Even with the present (assumed) difference of 0,03 vs 0,25 the benefits of the RFID must be weighed against the higjher costs. Right now with bar codes, each items must be scanned. In the future, you just push the load device through the scanner and the items are checked against the manifest.

Passenger check in will involve less man power and will be a lot quicker. I doubt that they will have scanners in Dr. Mullers or other shops for locating missing passengers.

@ Thorben - a police state is a state without separation of powers, that was the East of Germany until 1989. We enjoy a democratic state since 1949 now and since 1990 in all of Germany. Your worries are pointless.
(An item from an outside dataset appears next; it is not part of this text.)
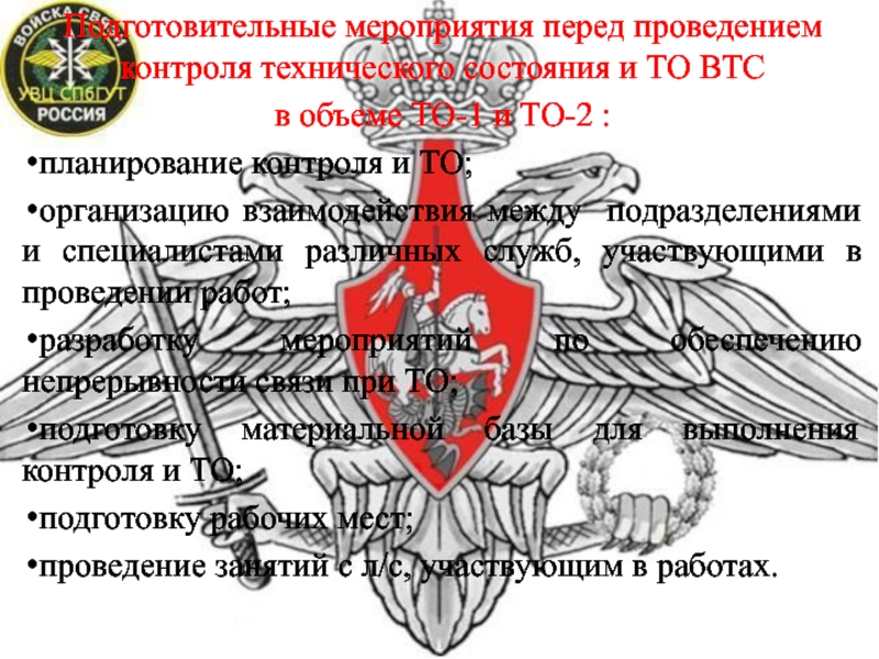 Слайд 36Подготовительные мероприятия перед проведением контроля технического состояния и ТО ВТС

E's passed on! That parrot is no more! He has ceased to be! E's expired and gone to meet 'is maker!
User currently offlineStandby87 From Switzerland, joined Jul 2001, 536 posts, RR: 3
Reply 15, posted (7 years 10 months 3 days 22 hours ago) and read 1568 times:

Quoting HanginOut (Reply 1):
For example, if I were to visit the "adult" theater (hypothetically speaking of course ) at FRA, the last people I would want to know where I am is the airline and airport.

LOL! I thought it was you carrying that extendable telescope  Wink
I've never been there of course, but I've often walked past it.

RFID is coming.
My phone has more RAM than the computers for the Apollo program and costs a lot less. It's just a question of time and the costs will come down.